Harris is using all of this – his past legalism, the supposed legalism of Christianity, the hateful way Christians have treated him – as an excuse for his defection to the other side and as a means of justifying what I suspect is yet to come (probably via Instagram again). That alone is ample proof that he never understood the central tenet of Christianity: the Cross.
Furthermore, Harris is clearly seeking the approbation of men. It feels like he licked his finger, put it in the air, and decided the winds were blowing to the Left and adjusted his convictions accordingly. It’s a poor bargain. In my previous article I quoted my friend Jwan Zhumbes, the Anglican Bishop of Bukuru, Nigeria (who arrives tonight, incidentally).
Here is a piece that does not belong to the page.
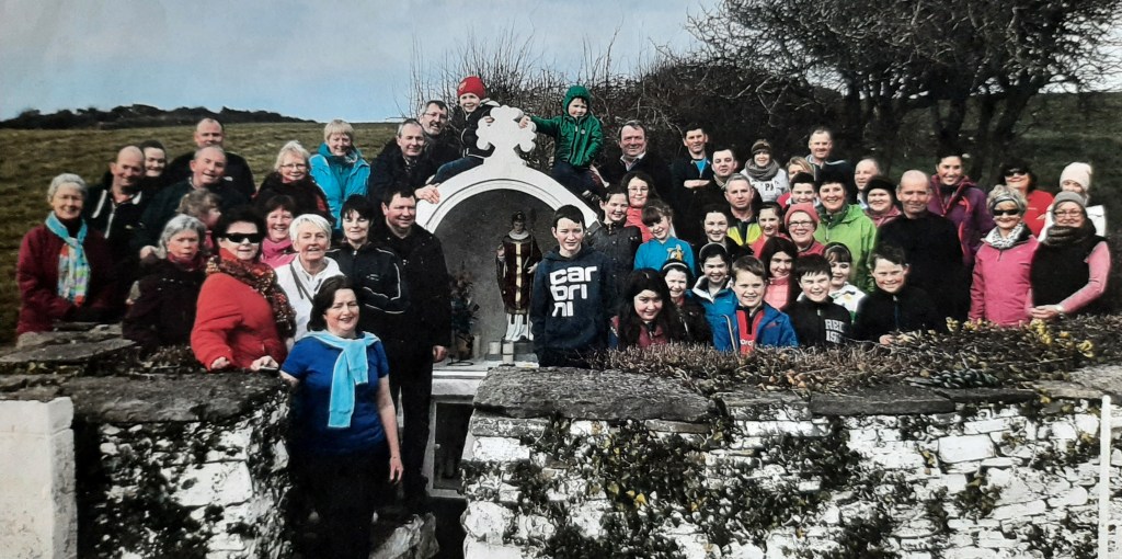 Senan and his monks spread the Christian message to all the communities in the surrounding areas, and also established an order for women at Kylenagallach in Carrigaholt Parish. It is believed that Senan had banned women from the island. The story goes that one brave lady “Ceannaire” insisted on visiting the island but died before getting on the land and was buried on the shore! Senan died in Kylenagallach in 544 and was buried on the island at Leaba Seanain. The feast of St Senan is March 8th and his birthplace in Molougha has been a place of pilgrimage over the years. The day for the pilgrimage is June 29th. The pilgrimage consists of “Rounds” and saying the rosary repeatedly.

Speaking to the Harris situation he remarked: “It is better to die accursed by the world and in Christ, than the hero of the world and accursed by Christ.” Amen.
Matthew 18:15-17 states very clearly how Christians are to address the sins of other Christians: if your brother repents of his sin, rejoice, you have reclaimed him; if he does not, cut him off.
At this point, Harris falls into the latter category. As a subscriber to this blog recently pointed out, 1 John 2:19 was written in response to a similar circumstance:
“They went out from us, but they did not belong to us. For if they had belonged to us, they would have remained with us. But their departure made it clear that none of them belonged to us.”
I am reminded of another passage. It is from Proverbs 14:12:
“There is a way that seems right to a man, but its end is the way of death.”